Jamal finally gets to his feet. Dragging himself after the figurine, he sees it picked up by Rustbelt… it instantly changes color and texture. Seeing his immunity in the Minnesotan’s hands—a stocky, stupid-looking kid who acts like an ape with a hand grenade—Jamal loses his temper. “You ruined it, hotshot!” Jamal shouts.
Rustbelt reacts as though Jamal has slapped him. And while he is distracted, Tiffani appears next to him and snatches the idol from his hand.
“Hey!” Rustbelt is even more wounded.
“Don’t let her do that, goddammit!” Wild Fox snaps. He scrambles over the fence and out of the habitat. Rustbelt stands frozen as Tiffani actually poses with Jetboy, like a hostess on a game show, all glittering girlishness. “Purty, ain’t it?” Her accent is as thick as Jamal has ever heard it. He knows what she’s doing. Four cameras are on her and the male aces flanking her. The first one to make a move will look like a mugger attacking a cheerleader.

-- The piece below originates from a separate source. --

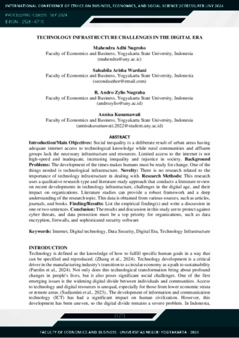 Adhi Nugroho, Mahendra and Arisha Wardani, Salsabila and Zylio Nugraha, R. Andro and Kusumawati, Annisa TECHNOLOGY INFRASTRUCTURE CHALLENGES IN THE DIGITAL ERA. International Conference of Ethics on Business, Economics, and Social Science (ICEBESS), 2024 (1). ISSN 2528-671X

With one last look over his shoulder—yes, there’s the damned rhino, looking as confused as Rustbelt—Jamal joins the group in front of the cameras. “So much for teamwork,” he says.
“Come on, Jamal, what did you expect? We can’t share the idol.”
She’s right, of course. They were never teammates. Jamal rejected the idea. He realizes that he resents the way she’s got the idol: not from her wild card ability, which is no more useful than Jamal’s, but from being a girl.
“You haven’t got back with it yet,” Rustbelt says, the longest, most coherent sentence Jamal has heard him utter.
For a moment, the sentence seems to take shape and hover in the air… a tangible challenge.
Tiffani realizes that her feminine immunity might be in danger.
As the cameras follow, she starts running for her vehicle.
Jamal has bounced back enough that his leg no longer bothers him, though his shoulder will be a gooey mess for hours yet. He easily out-distances Wild Fox and Rustbelt in the race to the vehicles. But Tiffani is ahead of him, Tiffani is pulling out, right behind an American Hero Humvee and its camera crew. Jamal reaches his own wheels—Art and his camera operator are already inside. Clearly they expect to record his frustration at losing to Tiffani.
It isn’t until he is on the road, zipping through traffic heading south from the zoo, that Jamal begins to wonder just what he hopes to accomplish. “How are the other contests going?”
“I hear the shopping is taking too long.” Art glances over his shoulder at the camera operator, who snickers. “Brave Hawk whupped up on Jetman. He’s already back with his idol.”
So Brave Hawk would live to fight another day. Jamal really needs to win, if only so he can spare himself a boatload of condescension from the Apache ace. This assumes, of course, that Jamal isn’t voted out.
It won’t be for lack of high-speed driving. Jamal has been trained, and while doing spins and turns in a controlled environment like a movie location is far easier than simply going fast, running lights and driving on the shoulder… he has the skills, and the two yokels behind him do not.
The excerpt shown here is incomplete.